### INSTRUCTIONS TO FOLLOW
From the first line of the data below through the line holding "That’s where the", output each line exactly and leave the pictures out.
*** THE DATA
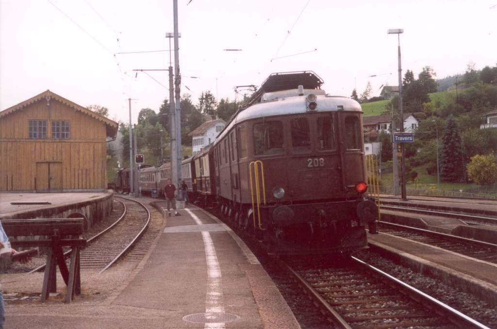 | ... Le samedi 12 juin, la traction des trains est assurée sur le Vallon par la Tigerli alors que la Krauss-Maffei se charge des prestations plus exigentes pour Neuchâtel, montant un impressionnant train tartare ... discrètement épaulée par l'Ae 6/8 208 ex BLS | ||
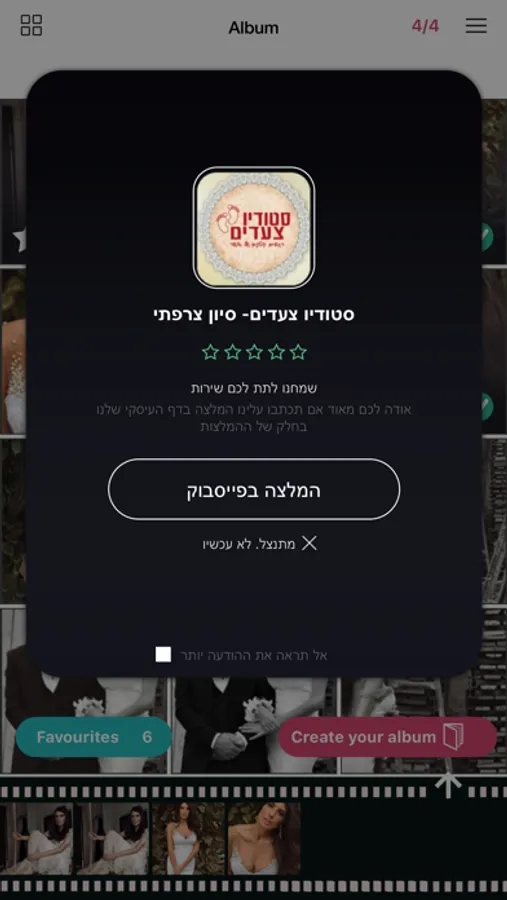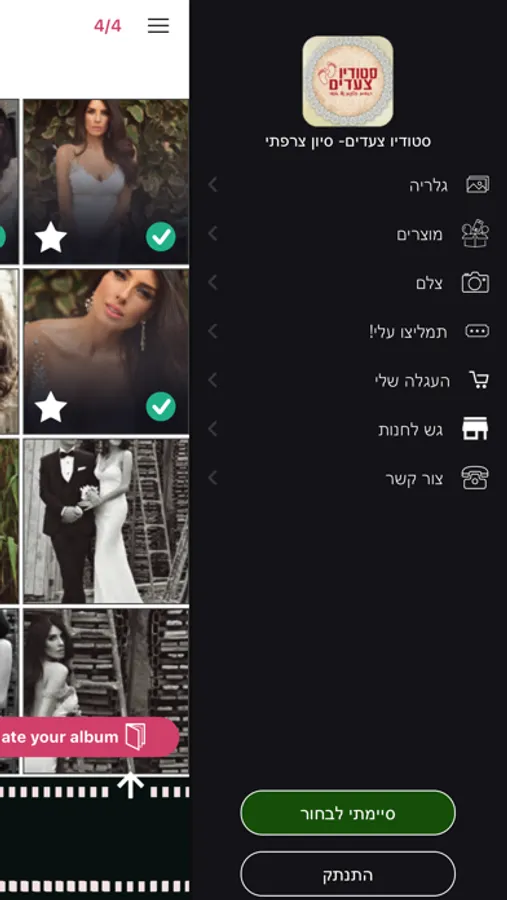 That’s where the fun really begins. With סטודיו צעדים- סיון צרפתי, your clients can view and proof their photos and albums from their mobile, tablet or desktop, whenever they like. Their privacy is protected with a personalized login, but if they decide to share their photos and albums with friends and family they can do so easily via social media. As a bonus for you, each time they do, your name and logo appears so there’s no doubt about who’s creative genius is behind the images! Comments left on images are automatically published on your Facebook page, generating a bank of positive feedback without you having to do a thing!
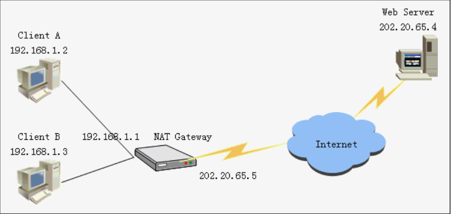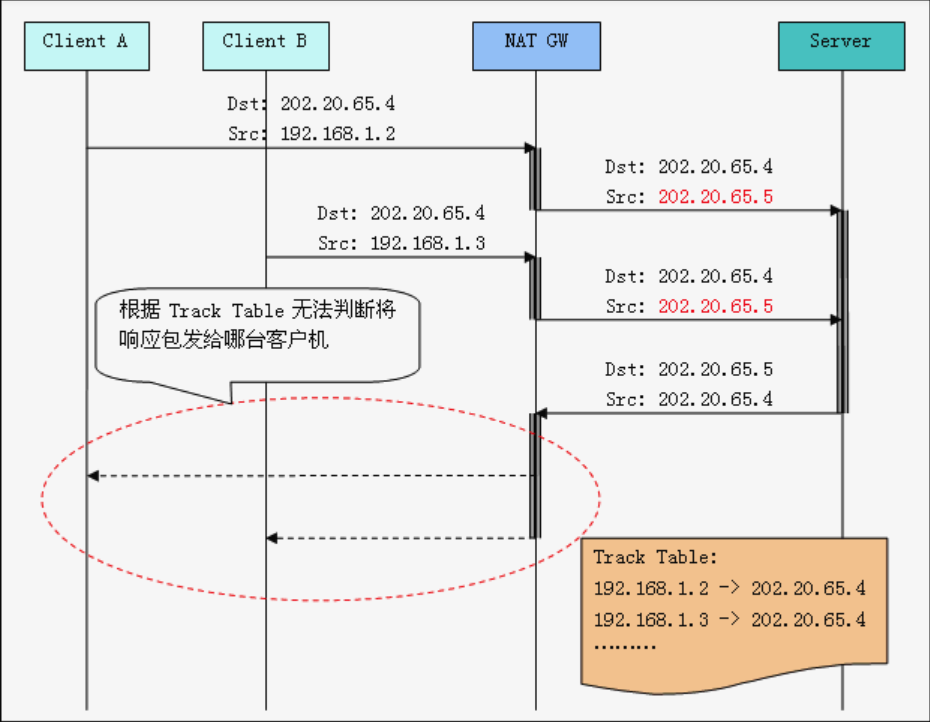 当仅有一台客户机访问服务器时,NAT Gateway只须更改数据包的源IP或目的IP即可正常通讯。但是如果Client A和Client B同时访问Web Server,那么当NAT Gateway收到响应包的时候,就无法判断将数据包转发给哪台客户机,如下图所示
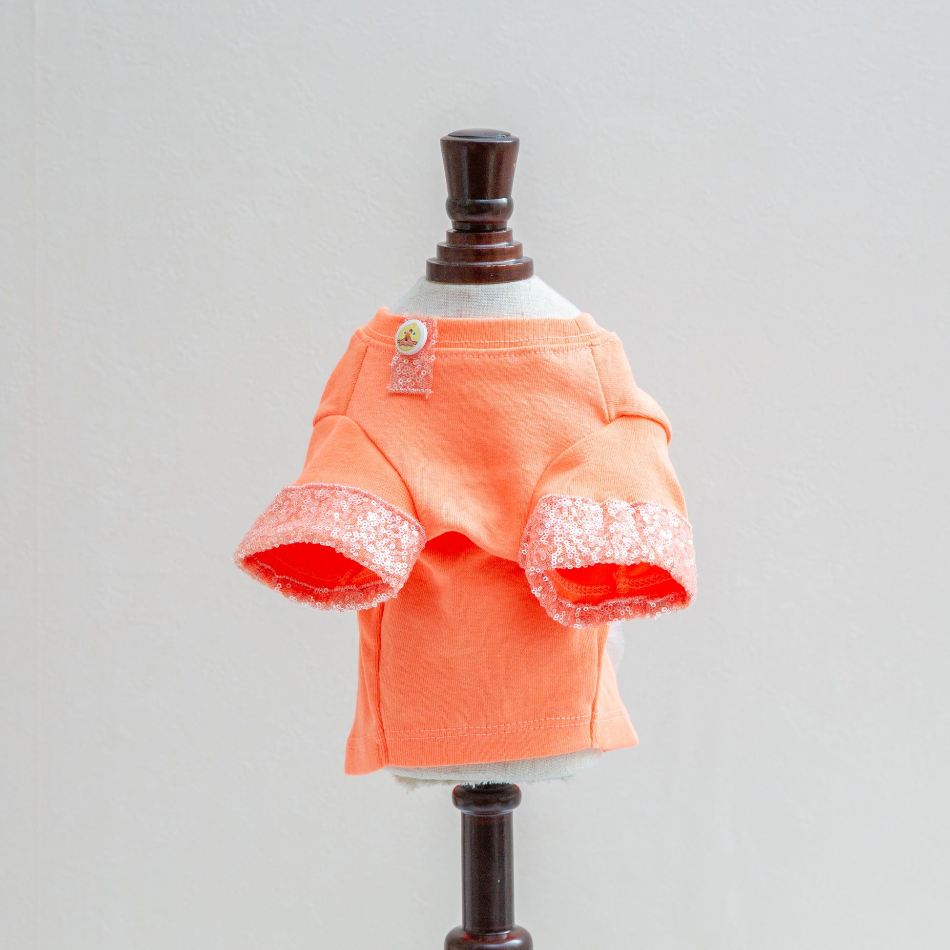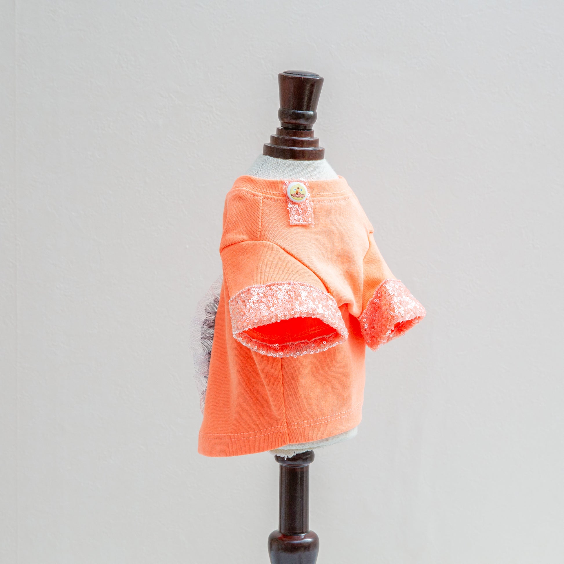 鮮やかなネオンカラーで目を引く、ペット用Tシャツ。ポップで元気いっぱいなデザインです。
******
### RESPONSE BELOW
 | ... Le samedi 12 juin, la traction des trains est assurée sur le Vallon par la Tigerli alors que la Krauss-Maffei se charge des prestations plus exigentes pour Neuchâtel, montant un impressionnant train tartare ... discrètement épaulée par l'Ae 6/8 208 ex BLS | ||
 That’s where the fun really begins. With סטודיו צעדים- סיון צרפתי, your clients can view and proof their photos and albums from their mobile, tablet or desktop, whenever they like. Their privacy is protected with a personalized login, but if they decide to share their photos and albums with friends and family they can do so easily via social media. As a bonus for you, each time they do, your name and logo appears so there’s no doubt about who’s creative genius is behind the images! Comments left on images are automatically published on your Facebook page, generating a bank of positive feedback without you having to do a thing!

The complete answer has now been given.